Technology is leading the way to more efficiency at the Glenmore landfill in Kelowna.
For example, lowering the site’s carbon footprint.
“We expect in the next five to eight years heavy equipment will be able to be electrified more and more,” said Scott Hoekstra, manager of landfill and composting operations.
Hoekstra added they’ve been testing a compact electric loader and will purchase a similar piece of equipment soon. He noted their GPS system allows operators to monitor the deflection of waste as a compacter rolls over it, and measure how much more compaction is needed to fill up space in a given area.
“Almost 31 per cent of materials received at the landfill are not disposed of at the landfill,” explained Hoekstra. “So there is a pretty significant amount of waste diversion that goes on at the site, and quite proud to say that’s a growing number.”
Also, using technology currently utilized at a biosolids operation in Vernon, the Glenmore landfill will be able to produce compost in three to four months instead of the current 10 to 12. Hoekstra added a recently-purchased piece of equipment used to remove contamination from compost makes it clean enough for businesses such as Tolko and other companies to use as a biomass fuel.

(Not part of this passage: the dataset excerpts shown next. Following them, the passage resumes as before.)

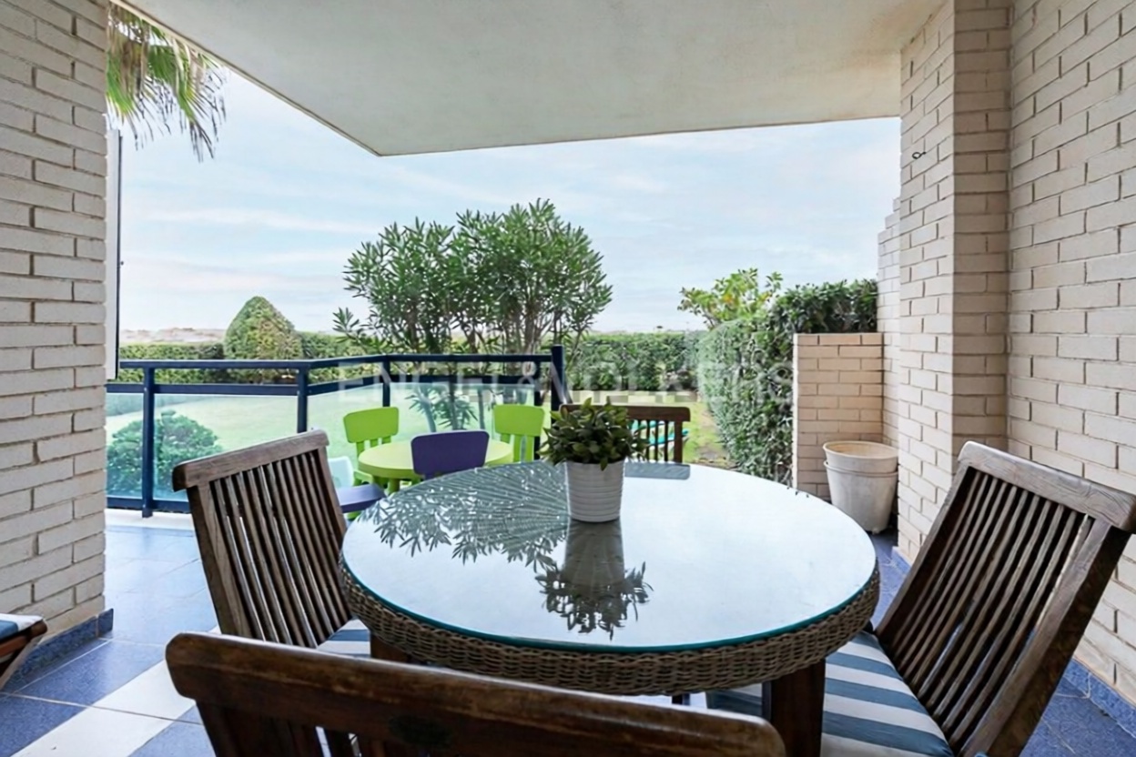 Descubre este espectacular apartamento de 119 m² en primera línea de mar, ideal para disfrutar de la brisa marina y vistas impresionantes. Con 3 habitaciones y 2 baños, este hogar ofrece un espacio acogedor y funcional. La terraza y el balcón son perfectos para relajarse al aire libre. Incluye plaza de garaje y cuenta con aire acondicionado y calefacción eléctrica para tu confort. Disfruta de la piscina y el jardín en un entorno tranquilo. ¡No dejes pasar la oportunidad de vivir junto al mar!
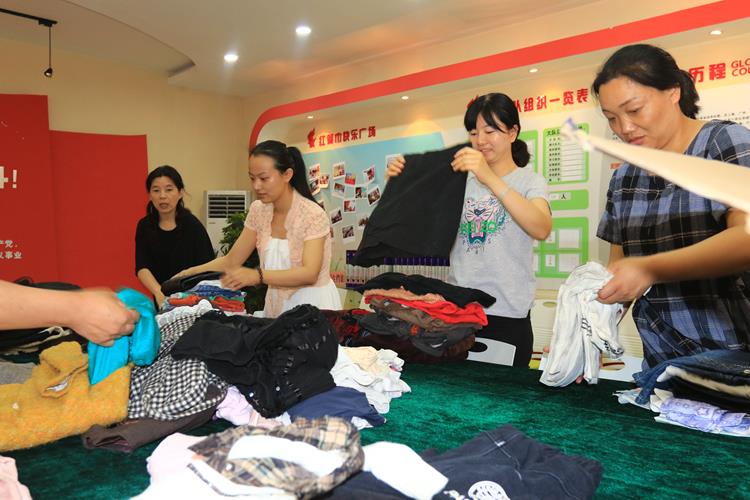 党员教师对旧衣物进行整理
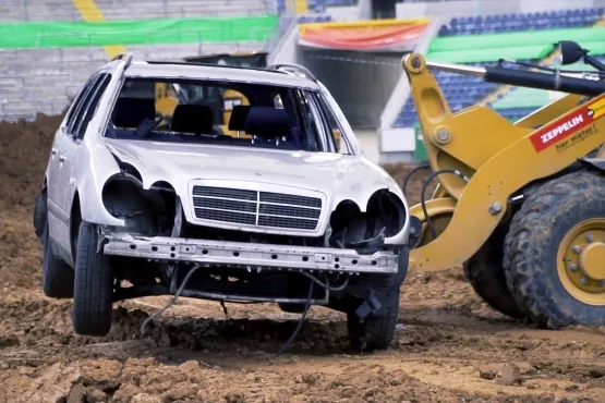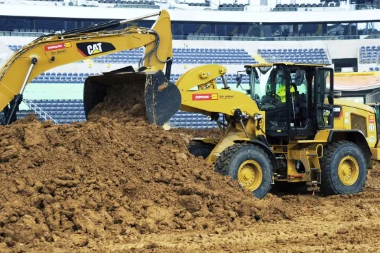 Zum Einsatz kamen mit dem CAT 324, CAT 329 und CAT 336 unter anderem drei Kettenbagger der 20 bis 30-Tonnen Klasse, drei Radlader in verschiedenen Größenklassen, zwei Dozer CAT D6K und ein Walzenzug CAT CS64 B. Während die Monster Truck-Show „Monster Jam“ an verschiedenen Veranstaltungsorten rund um den Globus stattfindet, bleibt das Trackbau-Team aus amerikanischen Maschinisten immer das Gleiche. Die Routine des eingespielten Teams ist nötig, um die Sicherheit der Fahrer und Fahrerinnen bei ihren riskanten Stunts zu gewährleisten. Denn jeder Winkel der Sprungschanzen und jeder Abstand muss stimmen. Für die Baumaschinenführer bedeutet das vor allem eins – viel Reisezeit. Gut, dass sie sich wenigstens auf den Maschinen des US-Herstellers Caterpillar aus unserem Mietpark heimisch fühlten!
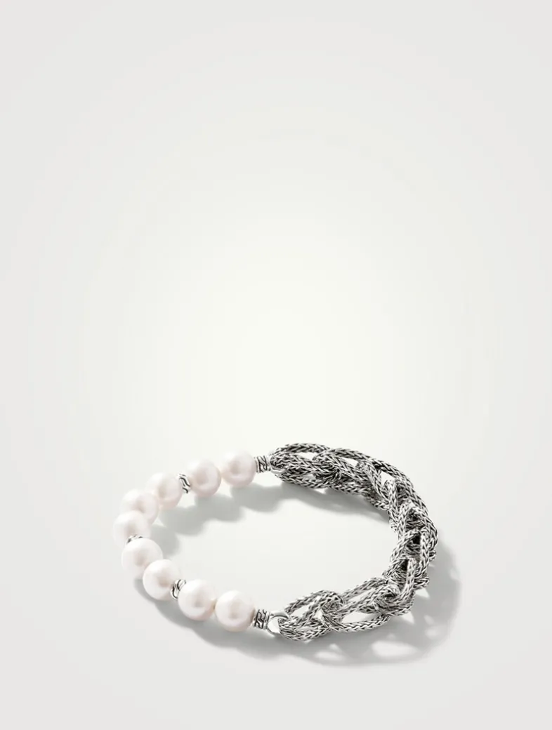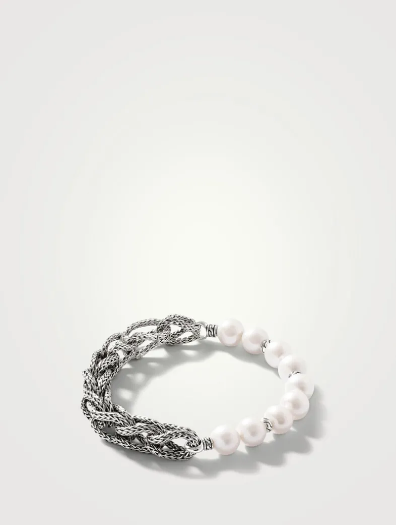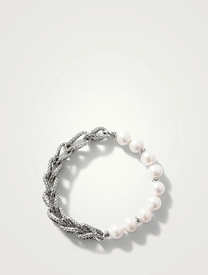 Classic with a twist, this artisan-handcrafted piece pairs sterling silver links with lustrous freshwater pearls.
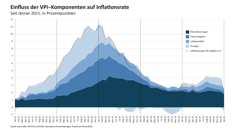 absolut richtig ergänzend auch der Vergleich mit Deutschland (freilich auch mit einem überwiegenden Dienstleistungsanteil an der gesamtwirtschaftlichen Produktion). Der Grund für den deutlichen Rückgang im Jänner 2026 liegt u.a. natürlich auch im hohen Inflationswert des Jänner 2025 (nach dem Auslaufen der Strompreisobergrenze Ende 2024). Dieser einmalige Effekt ist diesen Jänner nun weggefallen, wodurch auch dadurch die Preissteigerung merklich gesunken ist. |
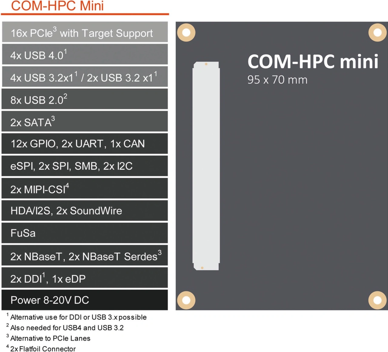 Die Pins sind anders und teils mit mehreren Optionen belegt, um über die 400 Pins möglichst alle absehbaren Konfigurationen umsetzen zu können. Zudem wurde die Spannungsbelegung der Sideband-Signale angepasst, um den Energiebedarf zu reduzieren und vor allem Low-Power-Prozessoren zu unterstützen, die vermehrt mit 1,8 V arbeiten. Hiermit vereinfachen wir sowohl Modul- als auch Carrier-Board-Designs, weil es weniger Pegelwandler braucht, als wenn Entwickler bei der identischen Spezifikation der größeren COM-HPC-Formfaktoren blieben.
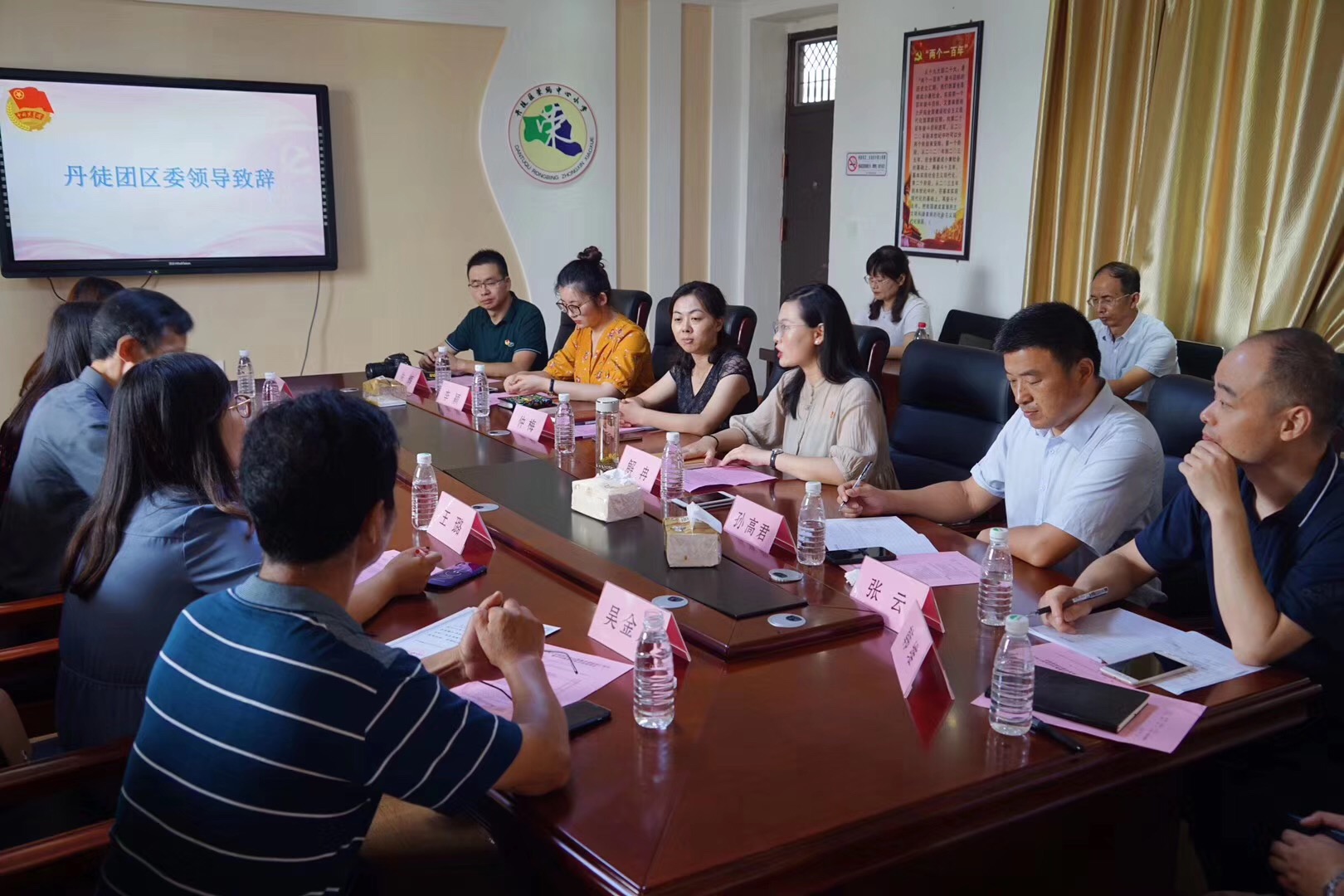 7月22日,学院党委书记雷贵荣、副书记朱志梅、团委书记王璐、辅导员蒋艺晴一行来到位于茅山革命老区的镇江市丹徒区荣炳盐资源区留守儿童服务中心,由我院牵头组织的筑梦乡村志愿教学团队自7月5日起即依托中心开展义务支教,与村民同吃同住,服务60余名乡村留守儿童。荣炳盐资源区党工委书记仲梅、丹徒团区委书记谢冉、副书记李颖、荣炳中心小学校长张云、丹徒教育局团委书记朱辉等地方职能部门领导一同抵达中心。座谈会上,支教同学进行了专题汇报,地方领导对学校的组织表示感谢,对同学们的表现给予了充分肯定。荣炳留守儿童服务中心负责人吴金川老师还转达了来自学生家长的高度赞扬。雷书记表示,暑期社会实践是学校引导同学走进社会、服务基层的大好时机,感谢地方政府、组织对同学们的关心与关照,希望同学们能够通过实践,将书本知识、课堂知识有效运用,在社会的广阔天地间受教育、长才干、做贡献。随后,朱书记代表学院向留守儿童服务中心捐赠图书,吴金川老师代表中心向同学们颁发志愿服务证书。
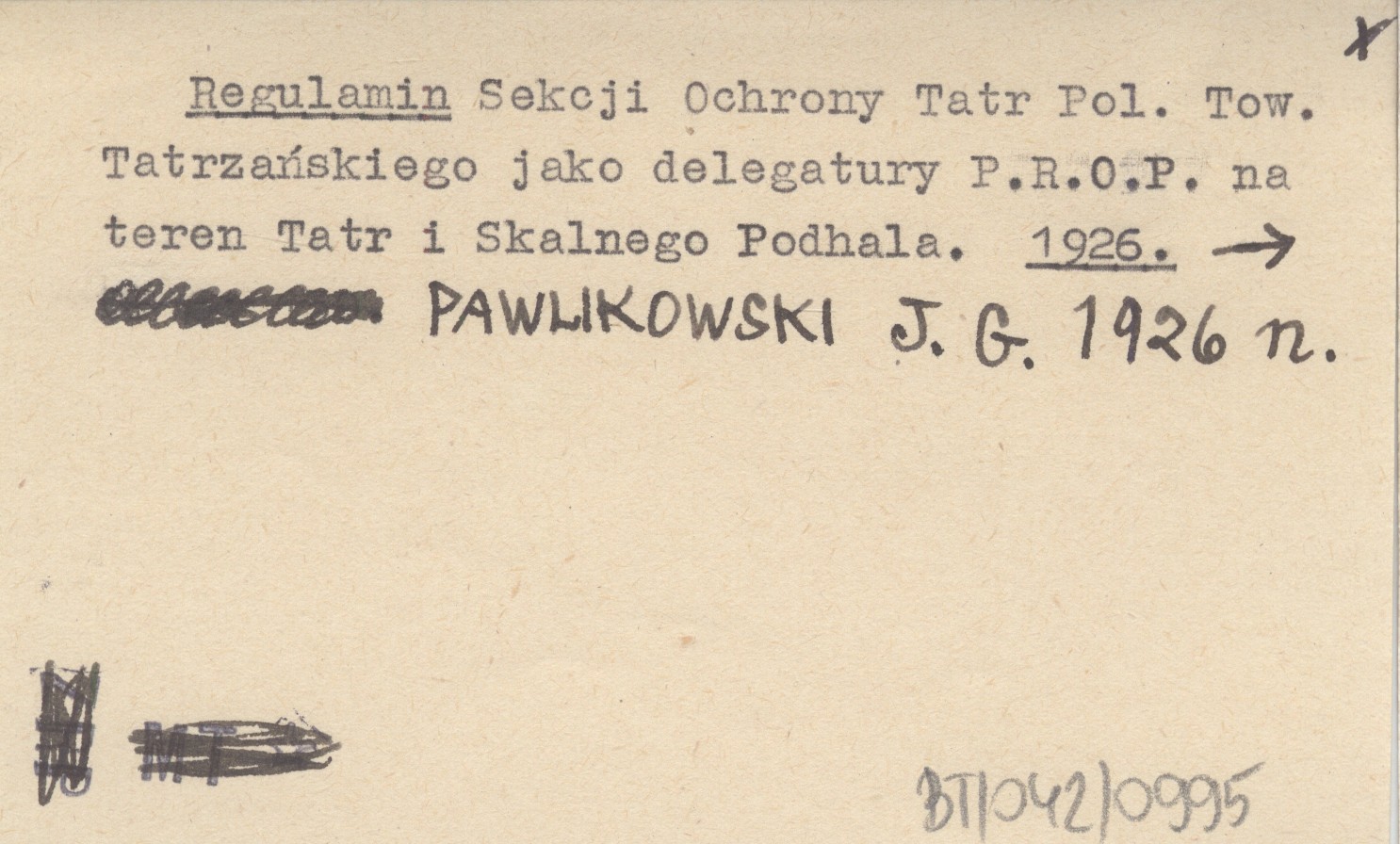 Regulamin Sekcji Ochrony Tatr Pol. Tow. Tatrzańskiego jako delegatury P.R.O.P. na teren Tatr i Skalnego Podhala. 1926

“We’re actually sending it back out to market, and we’re doing a pilot program with the parks department to use it as a mulch in some of the parks.”
Initiatives include talks with the University of British Columbia Okanagan on research programs, and a building deconstruction pilot program. A city-owned property on KLO Road was deconstructed a few weeks ago in partnership with Unbuilders and Habitat for Humanity. Materials recovered included windows, brick, concrete, joists and framing, scrap metal, and drywall, on top of the mandatory recoverables under city bylaws.
“The preliminary numbers show we were able to recover approximately 70 per cent of the building,” said Hoekstra.